Sur l’article 700 du code de procédure civile
En application de l’article 700 du code de procédure civile, dans toutes les instances le juge condamne la partie tenue aux dépens ou, à défaut, la partie perdante à payer à l’autre partie la somme qu’il détermine au titre des frais exposés et non compris dans les dépens. Le juge tient compte de l’équité ou de la situation économique de la partie condamnée. Il peut, même d’office, pour des raisons tirées des mêmes considérations, dire qu’il n’y a lieu à condamnation.

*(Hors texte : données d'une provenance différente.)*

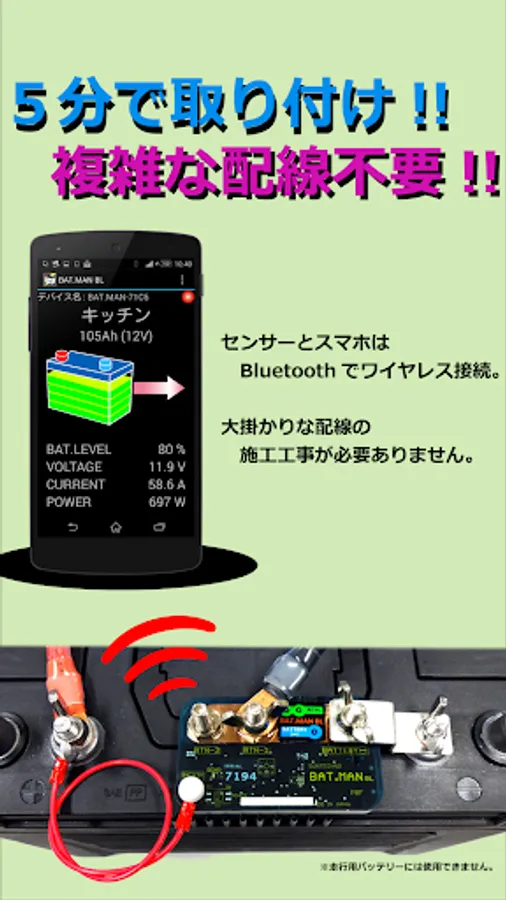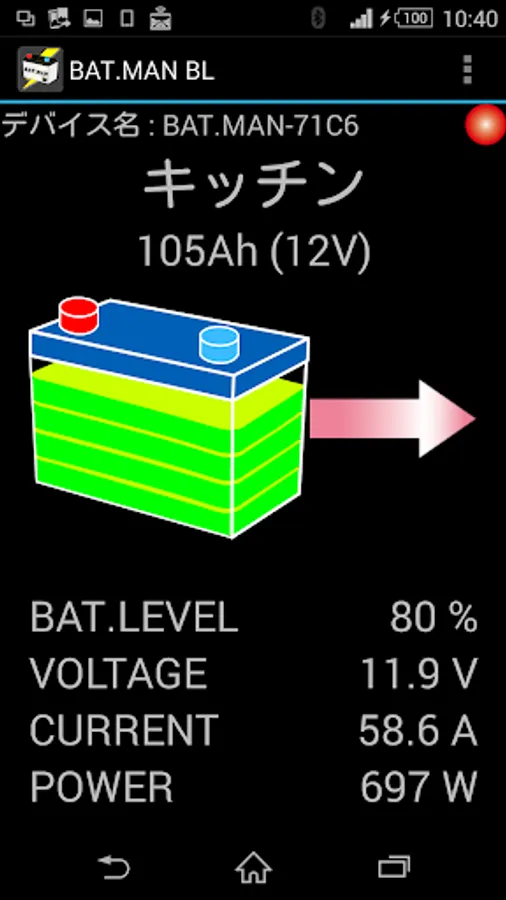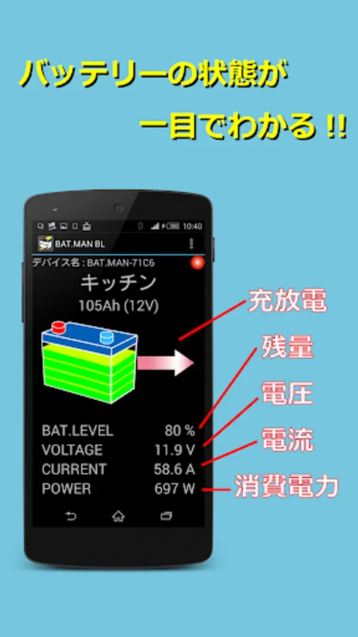電圧、電流、電力、残量をスマートフォンで簡単チェック。

La direction régionale des finances publiques sera condamnée à verser aux époux [U] la somme de 2000 euros au titre de l’article 700 du code de procédure civile.
PAR CES MOTIFS
Le tribunal statuant publiquement, par jugement contradictoire et en premier ressort,
RECOIT l’intervention volontaire de la [Adresse 6] ;
ANNULE la décision de rejet du directeur général des finances publiques, agissant en la personne du directeur régional des finances publiques de Haute-Savoie en date du 15 janvier 2024
DIT qu’il appartiendra au directeur général des finances publiques, agissant en la personne du directeur régional des finances publiques de Haute-Savoie, de notifier la décharge du rehaussement de droits correspondant ainsi que des pénalités,
CONDAMNE la direction régionale des finances publiques de Provence-Alpes-Côte d’Azur et du département des Bouches du Rhône aux entiers dépens,
CONDAMNE la [Adresse 6] au paiement de la somme de 2000 euros à M. [W] [U] et Mme [O] [Y] épouse [U] au titre de l’article 700 du code de procédure civile.
AINSI JUGÉ ET PRONONCÉ AU TRIBUNAL JUDICIAIRE D’ANNECY LE DIX NEUF NOVEMBRE DEUX MIL VINGT CINQ
Et le présent jugement a été signé par le Président et la Greffière.